▸ What to work on: Within the listing that follows, reproduce exactly the lines starting at the line with "La estera de" and ending at the line with "费用包含:欧洲团队签证、成都", inclusive, and only those. Pictures are dropped.
[Opening Excerpted data section]
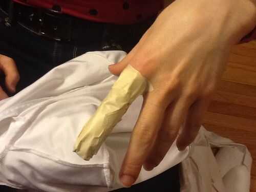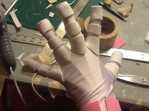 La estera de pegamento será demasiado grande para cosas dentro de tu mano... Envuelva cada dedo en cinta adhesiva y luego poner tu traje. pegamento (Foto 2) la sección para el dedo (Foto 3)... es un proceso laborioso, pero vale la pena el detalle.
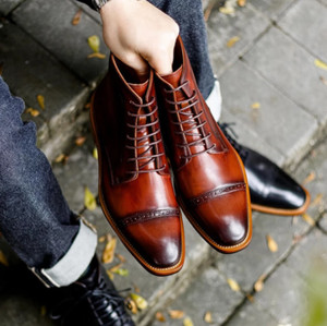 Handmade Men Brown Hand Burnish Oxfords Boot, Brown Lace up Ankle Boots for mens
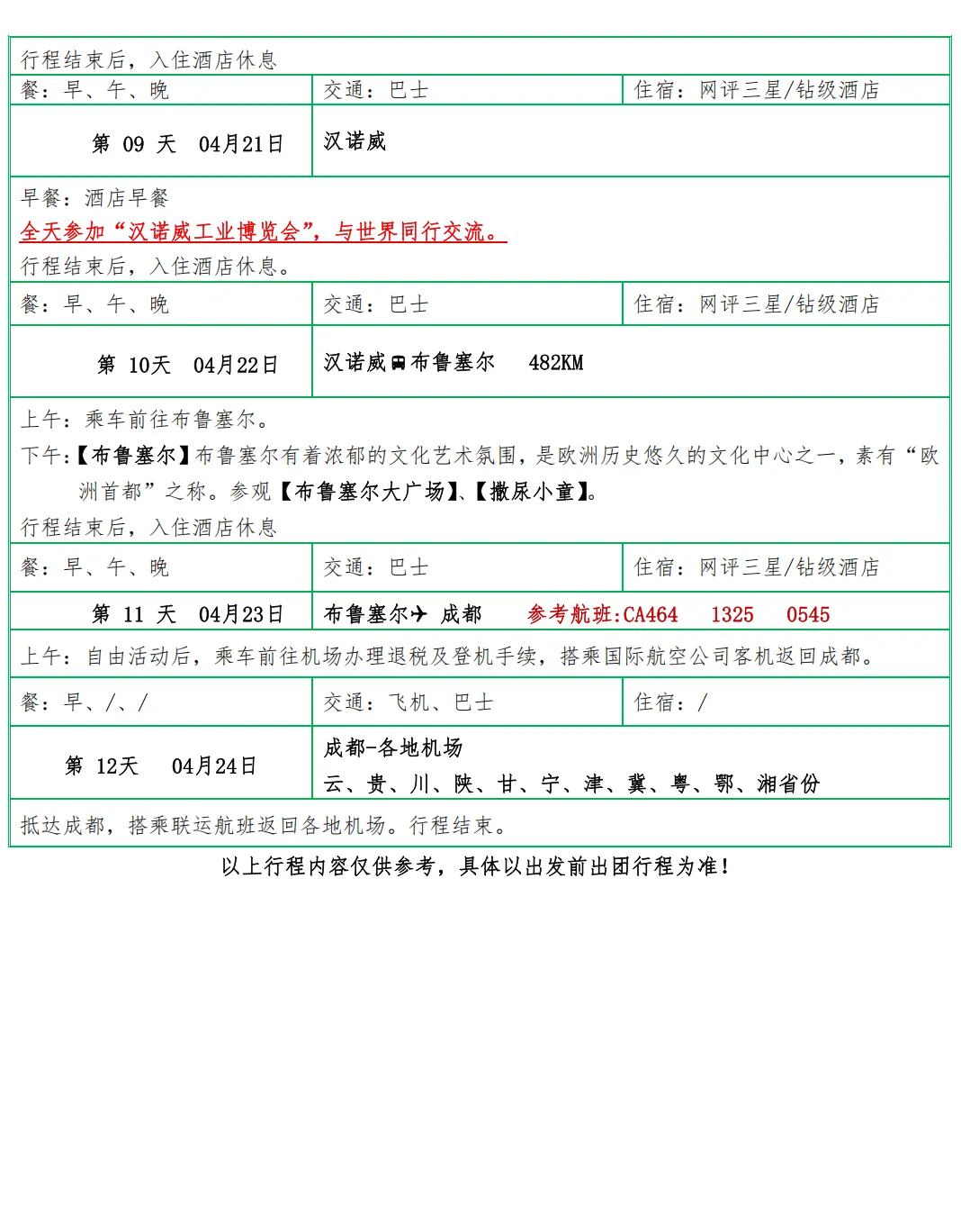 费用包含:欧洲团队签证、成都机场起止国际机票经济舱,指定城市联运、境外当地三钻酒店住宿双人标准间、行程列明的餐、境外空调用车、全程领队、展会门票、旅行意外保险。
[Closing Excerpted data section]
[Opening Excerpted data section]
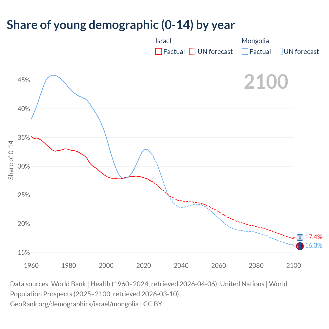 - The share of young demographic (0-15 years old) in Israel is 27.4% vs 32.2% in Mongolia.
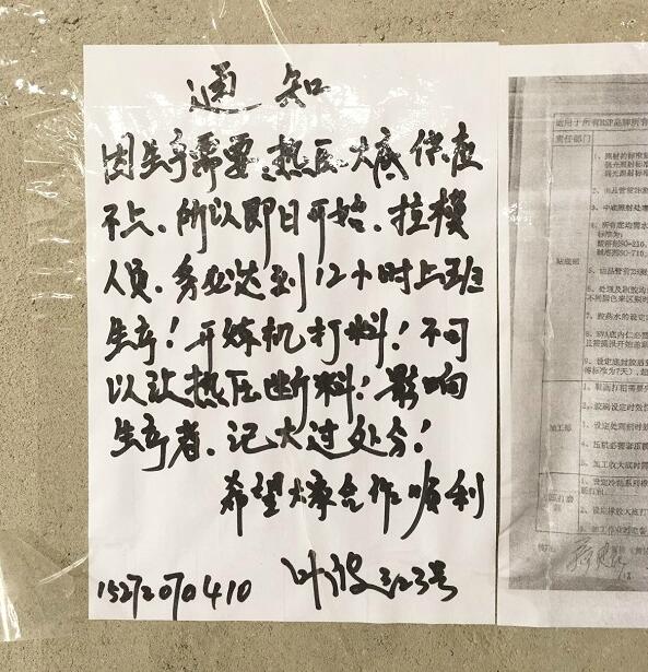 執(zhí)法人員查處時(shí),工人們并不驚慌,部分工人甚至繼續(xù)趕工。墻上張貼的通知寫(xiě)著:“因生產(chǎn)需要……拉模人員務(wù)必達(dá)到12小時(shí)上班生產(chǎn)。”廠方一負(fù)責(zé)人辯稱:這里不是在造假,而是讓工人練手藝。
[Closing Excerpted data section]
▸ Result of the exercise:
 La estera de pegamento será demasiado grande para cosas dentro de tu mano... Envuelva cada dedo en cinta adhesiva y luego poner tu traje. pegamento (Foto 2) la sección para el dedo (Foto 3)... es un proceso laborioso, pero vale la pena el detalle.
 Handmade Men Brown Hand Burnish Oxfords Boot, Brown Lace up Ankle Boots for mens
 费用包含:欧洲团队签证、成都机场起止国际机票经济舱,指定城市联运、境外当地三钻酒店住宿双人标准间、行程列明的餐、境外空调用车、全程领队、展会门票、旅行意外保险。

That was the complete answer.